Google has shut down Code Search and the Social Graph API. Replicating those services outside of Google is hard; they presuppose a scalable, well-oiled crawling/indexing/serving machine. Only Google has been able to release interesting n-gram data (from books too).

Along the same lines, the HTTP Archive tracks 55K URLs (with a goal of 1M by the end of 2012). W3Techs also only looks at the Alexa top 1 million. Presumably this is because crawling is hard. If Foursquare wanted to know how many pages have a link to a URL, would they want to crawl the whole web?

"Aleph" would be an infrastructure company that offers a few services:

  1. Large (billion and up) archive of sites on the internet. This would include not just raw HTML, but the full set of resources necessary to recreate that page (think crawling with headless WebKit and capturing all HTTP requests).
  2. Ability to do quick (semi-interactive) analyses over the crawl data that has been pre-processed (think regular expressions, or Dremel-like queries for attributes).
  3. Ability to run arbitrary MapReduces over the data (see ZeroVM for a way to do this safely).
  4. Ability to import new datasets (whether web-like or not)

For the web index to be useful for some applications, it would need to have a PageRank-like attribute per page to expose importance (and/or a number of visits/traffic).
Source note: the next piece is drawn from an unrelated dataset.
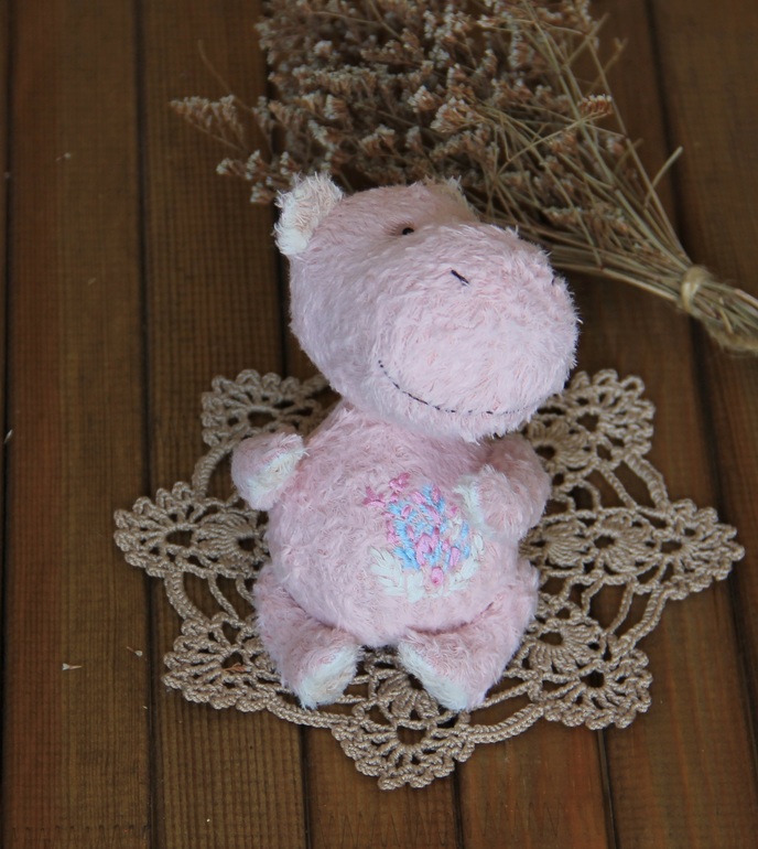 Теперь живет у меня такой друг, из нежно-розовой вискозы, опилочный бегемот с вышивкой на пузе.

In theory the Internet Archive has a lot of this data. They make their data available "at no cost to researchers, historians, and scholars," thus their willingness to license is unclear.

As for the name, the Aleph was a MacGuffin-like device from Mona Lisa Overdrive that a large copy of the Internet stored.

Update on 5/7/2012: Blekko appears to offer basic grepping functionality.

Update on 2/24/2013: CommonCrawl is a non-profit with 6 billion pages indexed and available for MapReduce.